Surface properties should also typically be taken into account for accurate simulation that adjusts for reflectance. Acoustic material reflectance is shaped by the properties of the material surface, including surface roughness against frequency band wavelength and surface hardness or tension. For example, a rubber surface is less reflective to audio waves than a stone surface. Also relevant to sound wavelengths, a clutter of papers on a desk may reflect more diffusely than a clear desktop. Correspondingly, diffuse and specular components of wave reflectance are present where diffusion may be modeled as a diffusion response of the incident wave angle and specular components modeled as a focused reflection angle response.

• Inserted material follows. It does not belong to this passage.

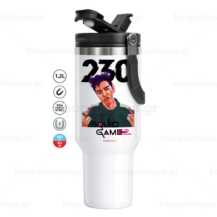 Squid game 456 Gi-Hun, Mega Stainless steel Tumbler with lid, double wall 1,2L
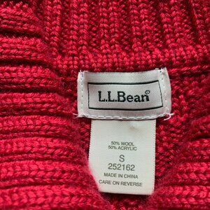 Classic and cozy L.L. Bean wool blend cardigan sweater in a rich red hue. Features a timeless cable knit pattern, collared neckline, and wooden toggle buttons for a heritage-inspired look. Mid-thigh length for extra warmth — perfect for layering in fall and winter.

Combined specular and diffuse responses may be represented by the AR audio mixer (or other software in the AR audio system) as a bi-directional reflectance distribution function (BRDF).

In some embodiments, the AR audio mixer utilizes a modular audio propagation transfer to combine the augmentation audio track/sound effect with the ambient sound. A full wave simulation may be applied, such as one taught in Modular Radiance Transfer, ACM Transactions on Graphics (Proceedings of ACM SIGGRAPH Asia 2011) 30, 6 (December), by Loos, B. J. et al., which is incorporated herein by reference. Such a full wave simulation may be used as one method for accurately recovering wave front propagation for precise reverberation auralization.

Briefly, a full wave simulation-based method approximates scene geometry into a series of connected blocks. Radiance transfer matrices are pre-computed according to energy transfers from reflections against walls inside each block and between blocks. A dictionary of blocks is created, where each block may include a different shape or configuration of omitted faces. This modular method may apply a regular dictionary of shapes pre-computed for optimized run-time processing by the control pack/unit of an AR audio system.

Pre-computed blocks are assembled to match the configuration of real spaces in the AR environment, with only dot product accumulation operations used to recover the full wave state at every point in the environment for moving sound sources such as the virtual speakers discussed herein. As a direct to indirect method, the number of audio sources or virtual speakers is independent of the run-time's indirect reflectance calculation, which allows the AR audio systems taught herein to provide many audio sources/virtual speakers rather cheaply with regard to processing. The resulting matrix operations optimize well for SIMD execution architectures that may be used to implement processor(s) and other aspects of the control pack/unit (or remote processing devices/servers in some embodiments).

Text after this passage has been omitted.